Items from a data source

- Opening Delimiter -

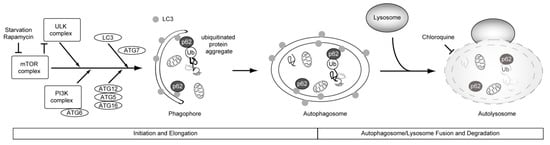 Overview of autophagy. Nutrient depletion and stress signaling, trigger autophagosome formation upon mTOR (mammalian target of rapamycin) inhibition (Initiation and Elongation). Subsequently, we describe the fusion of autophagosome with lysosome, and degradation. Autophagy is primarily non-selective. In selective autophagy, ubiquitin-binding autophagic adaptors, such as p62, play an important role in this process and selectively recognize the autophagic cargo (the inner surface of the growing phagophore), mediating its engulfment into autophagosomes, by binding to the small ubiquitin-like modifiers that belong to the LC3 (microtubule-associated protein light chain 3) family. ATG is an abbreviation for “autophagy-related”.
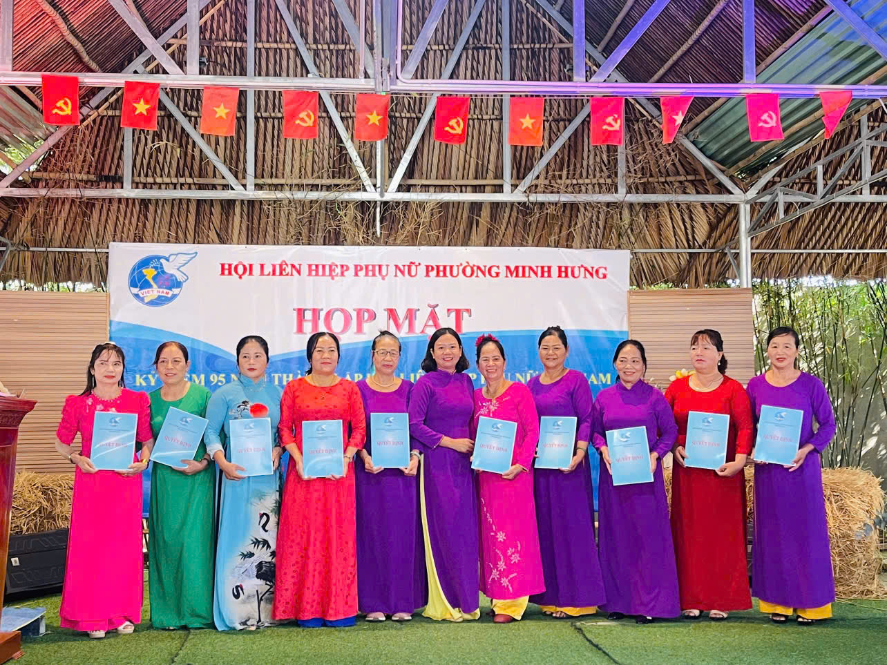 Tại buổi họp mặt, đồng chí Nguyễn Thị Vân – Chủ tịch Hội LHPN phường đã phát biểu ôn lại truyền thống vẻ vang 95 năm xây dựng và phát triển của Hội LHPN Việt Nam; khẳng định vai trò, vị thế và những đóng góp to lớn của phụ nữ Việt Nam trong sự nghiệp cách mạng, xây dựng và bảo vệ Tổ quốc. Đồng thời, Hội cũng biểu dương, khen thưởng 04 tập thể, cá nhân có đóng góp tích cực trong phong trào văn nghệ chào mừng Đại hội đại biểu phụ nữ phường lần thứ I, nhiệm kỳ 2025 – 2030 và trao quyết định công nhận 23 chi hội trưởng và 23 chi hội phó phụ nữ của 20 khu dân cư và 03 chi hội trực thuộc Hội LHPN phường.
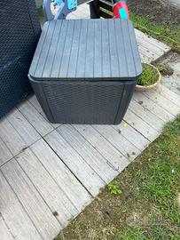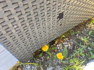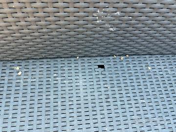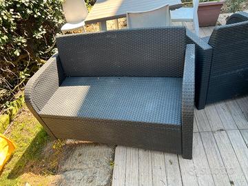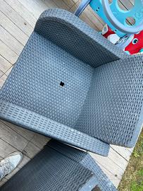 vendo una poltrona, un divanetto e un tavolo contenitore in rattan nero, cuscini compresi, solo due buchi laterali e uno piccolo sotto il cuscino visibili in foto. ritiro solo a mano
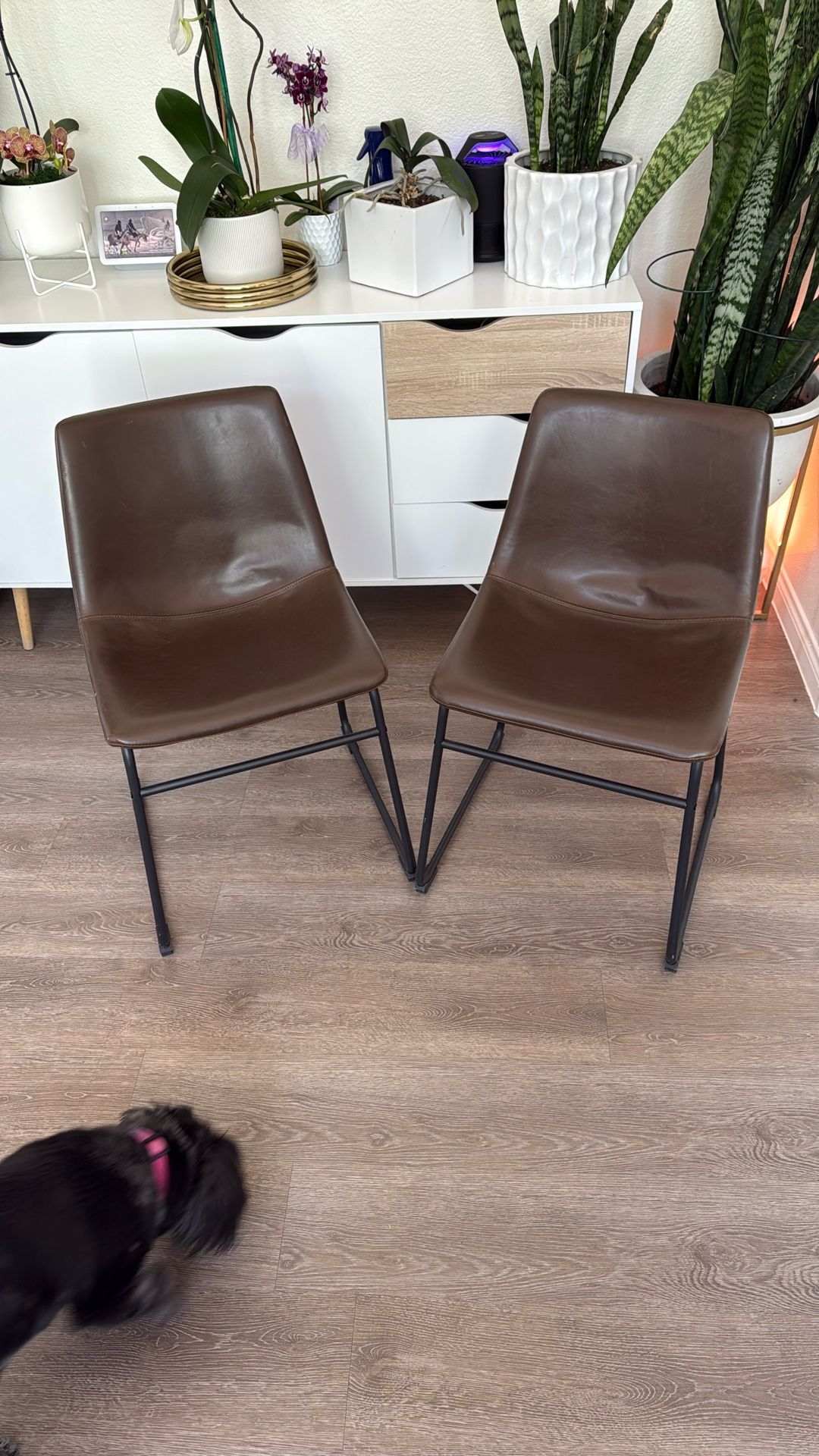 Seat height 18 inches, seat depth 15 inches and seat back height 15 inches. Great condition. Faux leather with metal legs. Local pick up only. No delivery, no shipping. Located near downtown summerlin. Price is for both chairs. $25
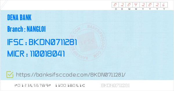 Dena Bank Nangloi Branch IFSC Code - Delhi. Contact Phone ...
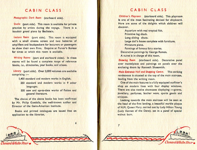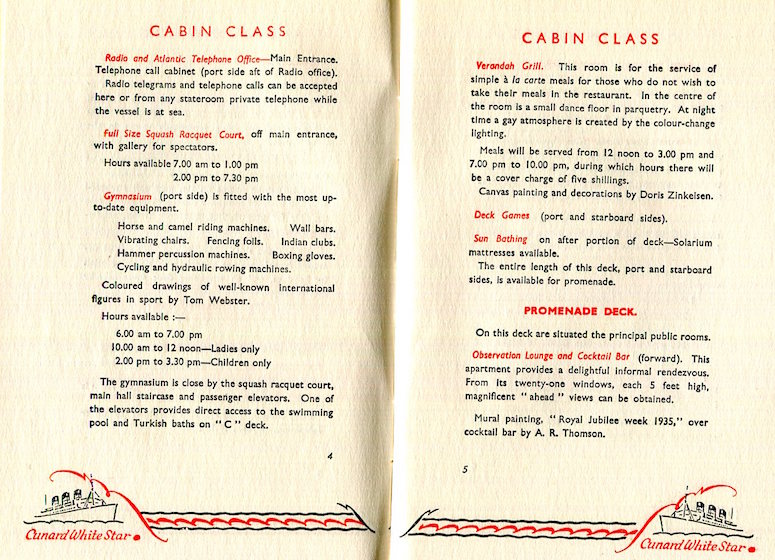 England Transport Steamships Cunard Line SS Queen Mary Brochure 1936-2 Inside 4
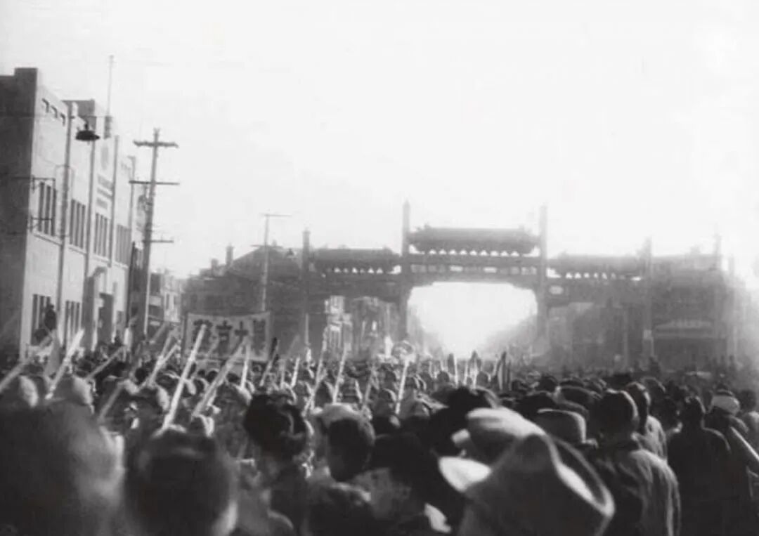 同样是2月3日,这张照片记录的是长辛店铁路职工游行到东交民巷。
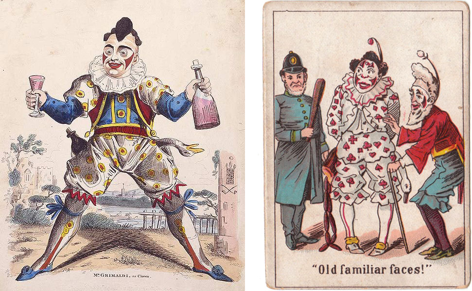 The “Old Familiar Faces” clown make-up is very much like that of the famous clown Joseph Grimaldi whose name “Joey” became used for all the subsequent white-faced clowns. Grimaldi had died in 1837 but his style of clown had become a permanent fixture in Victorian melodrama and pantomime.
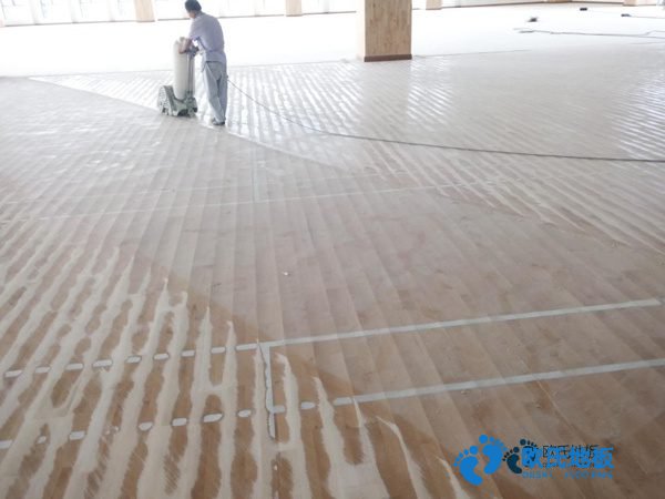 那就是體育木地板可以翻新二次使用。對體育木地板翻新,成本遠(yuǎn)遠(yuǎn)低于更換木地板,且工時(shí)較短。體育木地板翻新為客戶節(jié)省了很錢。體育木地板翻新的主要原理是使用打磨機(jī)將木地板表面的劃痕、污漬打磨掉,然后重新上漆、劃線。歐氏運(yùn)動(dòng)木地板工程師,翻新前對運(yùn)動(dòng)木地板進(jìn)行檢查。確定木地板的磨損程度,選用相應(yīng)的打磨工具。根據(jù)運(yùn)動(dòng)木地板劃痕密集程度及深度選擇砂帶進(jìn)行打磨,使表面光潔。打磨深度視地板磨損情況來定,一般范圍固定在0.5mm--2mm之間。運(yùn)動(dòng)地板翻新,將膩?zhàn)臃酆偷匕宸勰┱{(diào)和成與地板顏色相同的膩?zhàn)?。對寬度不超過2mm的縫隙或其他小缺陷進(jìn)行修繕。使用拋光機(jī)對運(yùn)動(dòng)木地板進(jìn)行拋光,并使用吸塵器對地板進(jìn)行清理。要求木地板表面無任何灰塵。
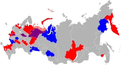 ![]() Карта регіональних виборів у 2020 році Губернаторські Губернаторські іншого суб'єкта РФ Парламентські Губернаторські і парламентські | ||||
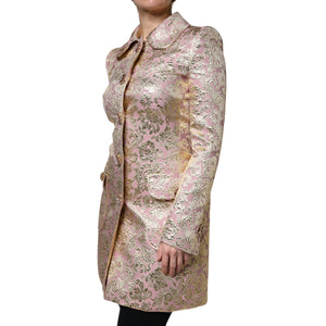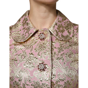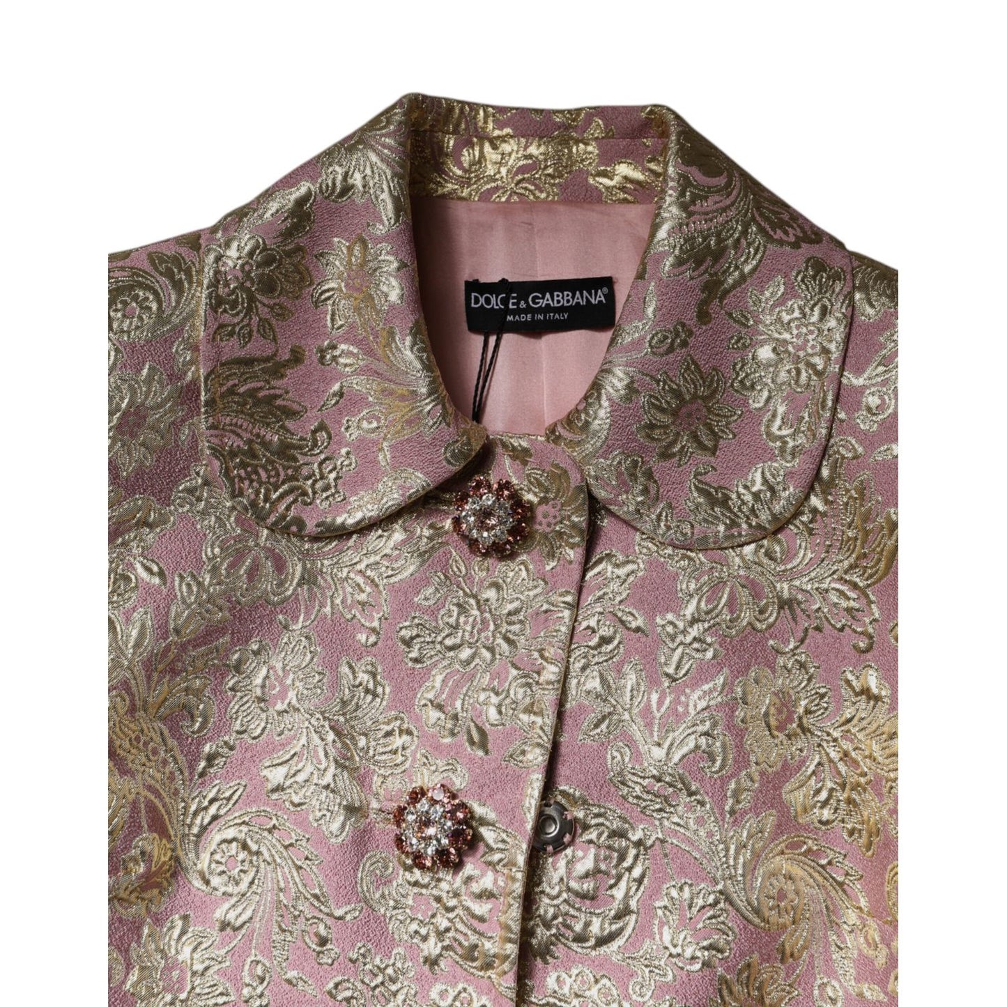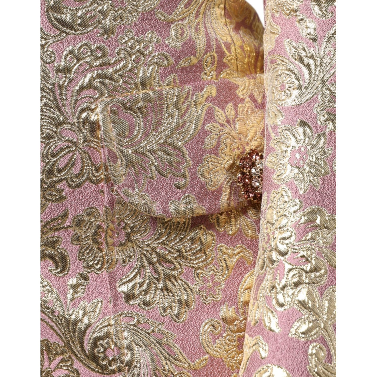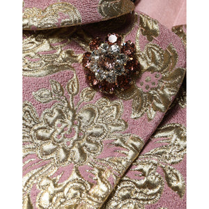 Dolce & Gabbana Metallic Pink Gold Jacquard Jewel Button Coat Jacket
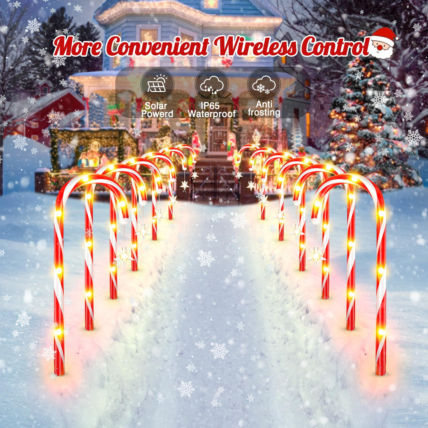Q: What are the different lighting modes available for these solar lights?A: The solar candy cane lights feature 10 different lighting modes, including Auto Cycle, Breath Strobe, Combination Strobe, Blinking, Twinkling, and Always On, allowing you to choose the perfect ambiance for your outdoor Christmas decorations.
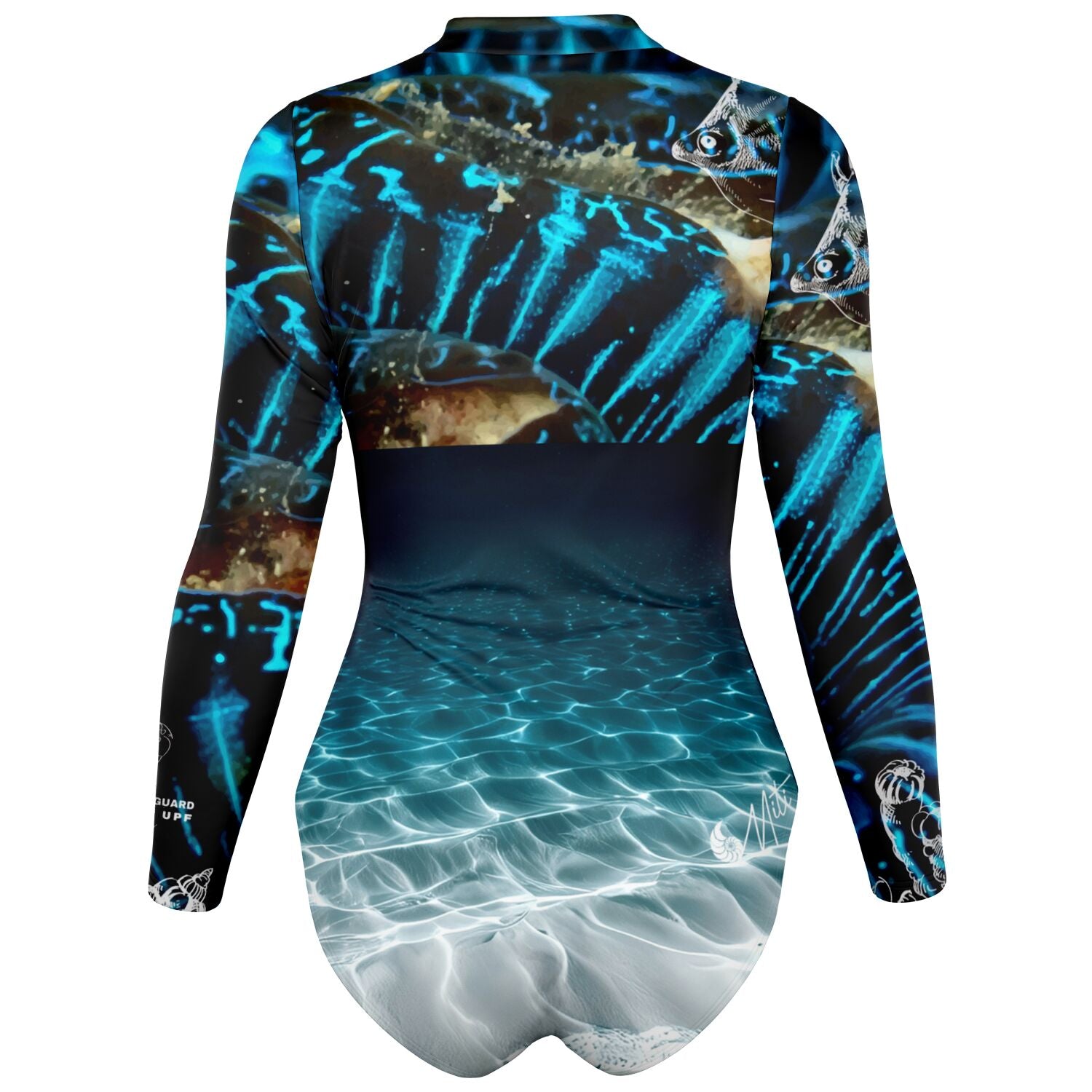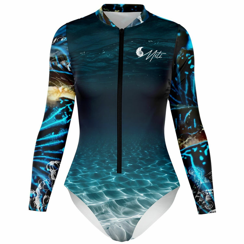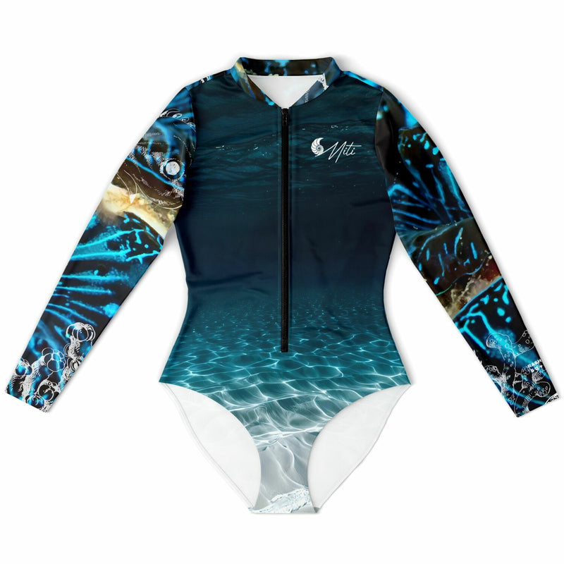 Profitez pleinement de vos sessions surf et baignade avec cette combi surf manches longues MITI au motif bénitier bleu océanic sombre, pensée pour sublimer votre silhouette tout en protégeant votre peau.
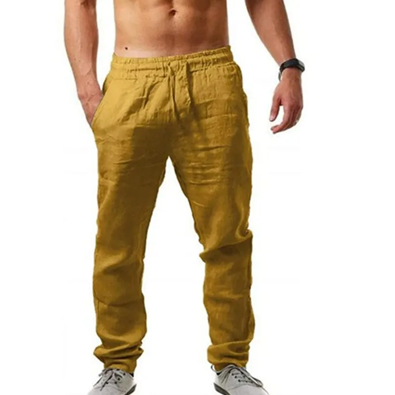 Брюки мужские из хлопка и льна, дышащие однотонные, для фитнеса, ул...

- Closing Delimiter -

◆ Exercise ◆
Starting with the line that has "Dolce & Gabbana" and going on through the line that has "Q: What are", transcribe the records above exactly, but skip the pictures.

◆ Solution to the problem ◆
 Dolce & Gabbana Metallic Pink Gold Jacquard Jewel Button Coat Jacket
Q: What are the different lighting modes available for these solar lights?A: The solar candy cane lights feature 10 different lighting modes, including Auto Cycle, Breath Strobe, Combination Strobe, Blinking, Twinkling, and Always On, allowing you to choose the perfect ambiance for your outdoor Christmas decorations.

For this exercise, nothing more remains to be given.